# Sichtfeld in 2d-Rollenspiel



## wessi86 (1. Jul 2011)

Hallo allerseits,
ich arbeite momentan an einem kleinen 2d-Rollenspiel alá Diablo. Das ganze läuft als
Applet ab.
Momentan realisiere ich das Sichtfeld einfach so, dass ich ein schwarzes PNG über das gesamte 
Applet zeichne, wo in der Mitte ein Loch ist. Das unschöne an der Sache ist, dass man aus einem
Raum ebenfalls in einen anliegenden hereinsehen kann.
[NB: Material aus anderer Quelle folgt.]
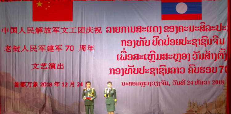 中國人民解放軍文工團(tuán)慶祝老撾人民軍建軍70周年文藝演出12月24日晚在老撾首都萬象舉行。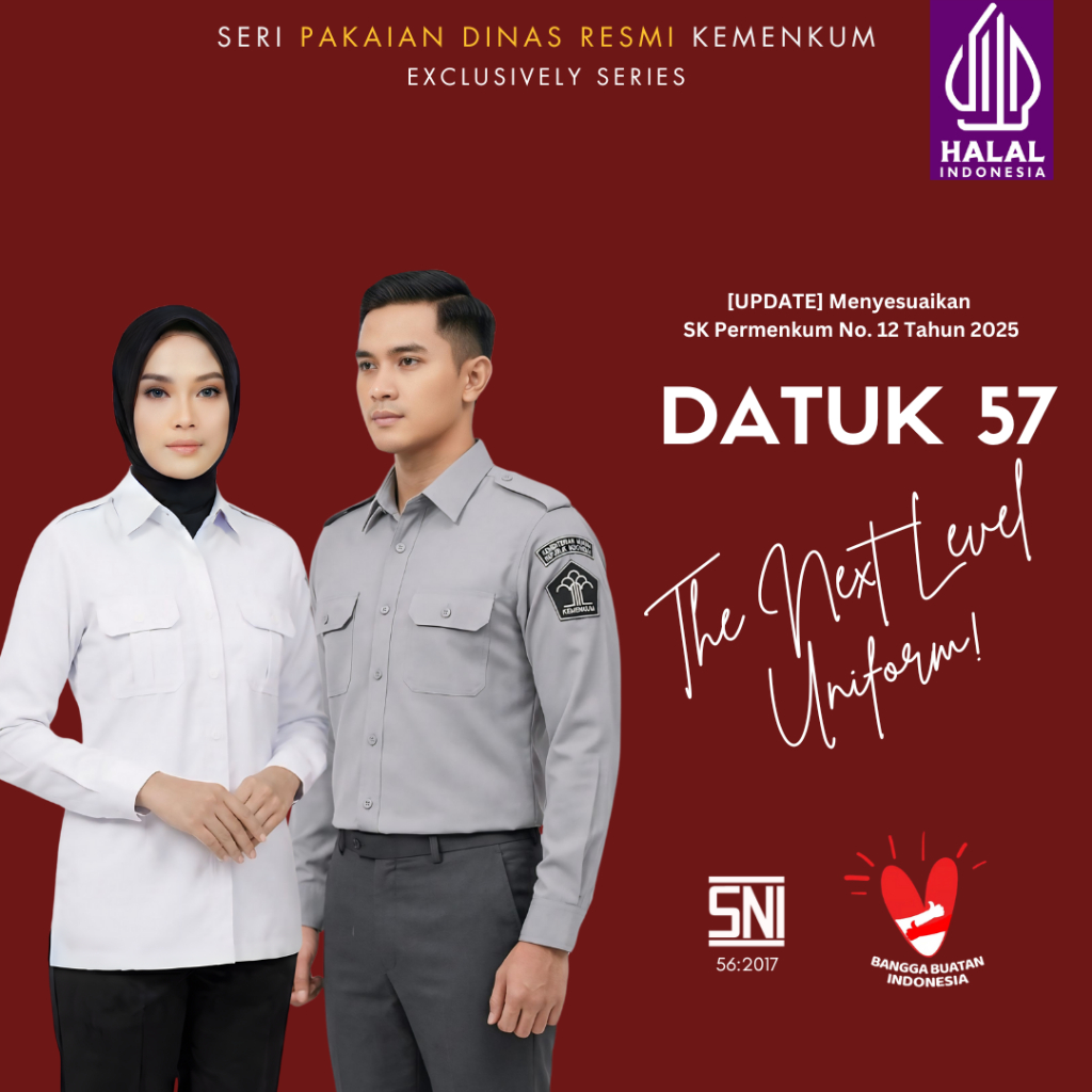 Original Datuk 57 Premium : Seragam Kemeja Baju Atasan PDH 1 PDH 2 PDH Safari Abu-abu & Putih untuk Kemenkum Kemenkumham Kementerian Hukum Departemen Hukum untuk Pria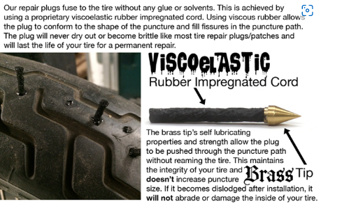 Dynaplug® tubeless tire repair plugs are constructed from viscoelastic rubber impregnated cord and non-abrasive brass tip.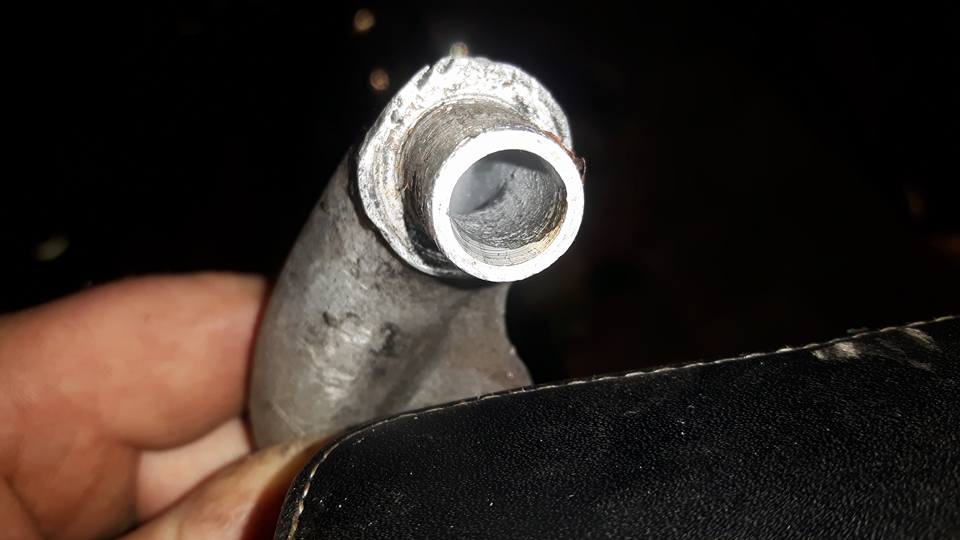 Gjorde rent krök men den var inte tillräckligt tät för att vara orsaken så gick vidare till kontrollera ljuddämparen. Å se där hittade jag en av bovarna till fenomen. Ja varför vet i kattsingen men ljuddämparen var pluggad med en fastsvetsad m10 bult i mynningen alla gaser vart tvingade ta sig ut genom ett 5mm hål. Ja Jösses Amalia.. Orkade inte krångla med att få loss bulten i kväll men borrade ytterligare 4a 5mm hål. Återmonterade och provstartar japp nu varvade den bättre bra mycket bättre men inte bra. Dock nu själv trött så vart natten för mig.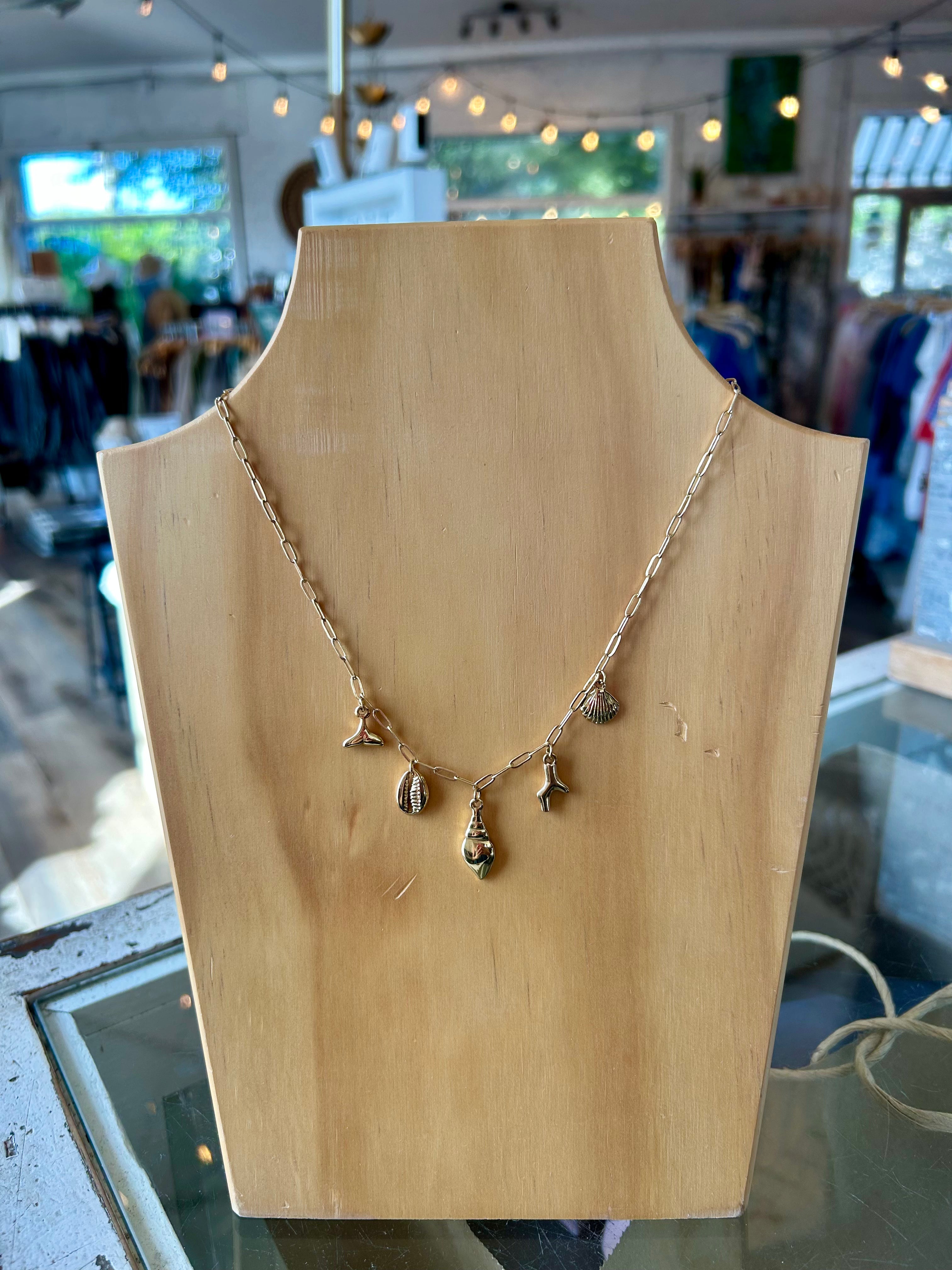 Capture the essence of seaside elegance with the Solara Charm Necklace. Crafted with water-resistant gold, this durable piece withstands your beach adventures while adding a radiant, coastal-inspired touch to any outfit. Let its charming design remind you of sunlit shores and ocean breezes wherever you go.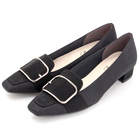 スクエアバックルでレトロ感のある、ローヒールパンプス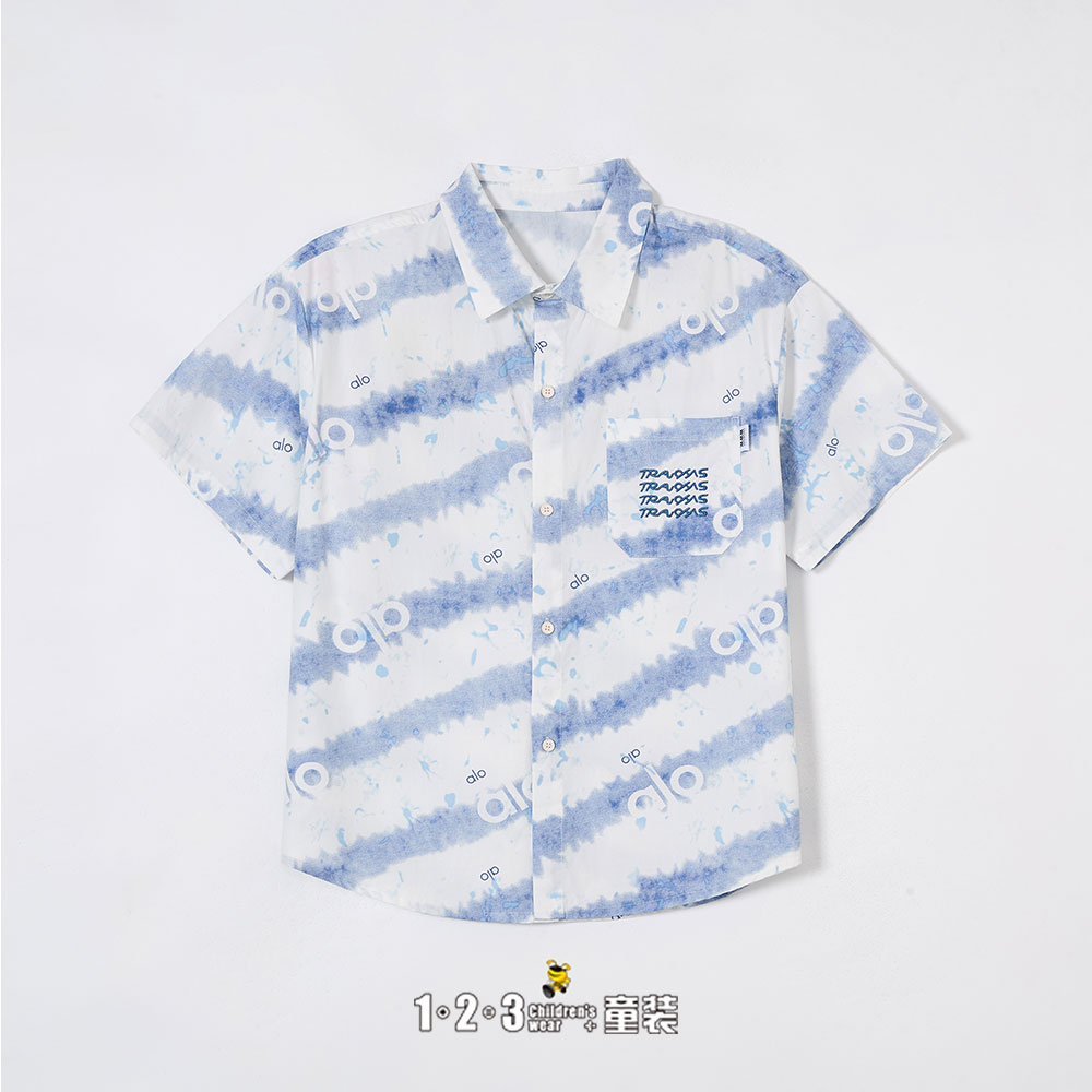 蓝 夏款 男大童6M20327 DDDD时尚短袖衬衫1+2=3童装连锁

Gibt es, bzw fällt euch vielleicht eine
elegantere Lösung ein?
Das Spielfeld wird anhand einer 2400*1800-Matrix gezeichnet und das Applet-Fenster hat eine Größe von 800px*600px.
Hier noch zwei Screenshots:
1. ohne Map
ImageShack® - Online Photo and Video Hosting

2. mit Map
ImageShack® - Online Photo and Video Hosting
Legende:
1 (weiß): Raum
3 (cyan): Gang
M (rot):   Monster
S (gelb):  Treppe

mfg, Christian


----------



## Marco13 (1. Jul 2011)

Läuft das auf sowas wie http://www.java-forum.org/spiele-multimedia-programmierung/120649-umsetzung-scheinwerfer.html raus?


----------



## wessi86 (1. Jul 2011)

Marco13 hat gesagt.:


> Läuft das auf sowas wie http://www.java-forum.org/spiele-multimedia-programmierung/120649-umsetzung-scheinwerfer.html raus?



Oh ja, das hilft, vielen Dank! VA dieser Link hat mich beeindruckt:  https://code.google.com/p/straightedge/
Ist aber alles doch komplizierter als von mir gewünscht, da werd ich mich mal in den Semesterferien dransetzen!

mfg, Christian


----------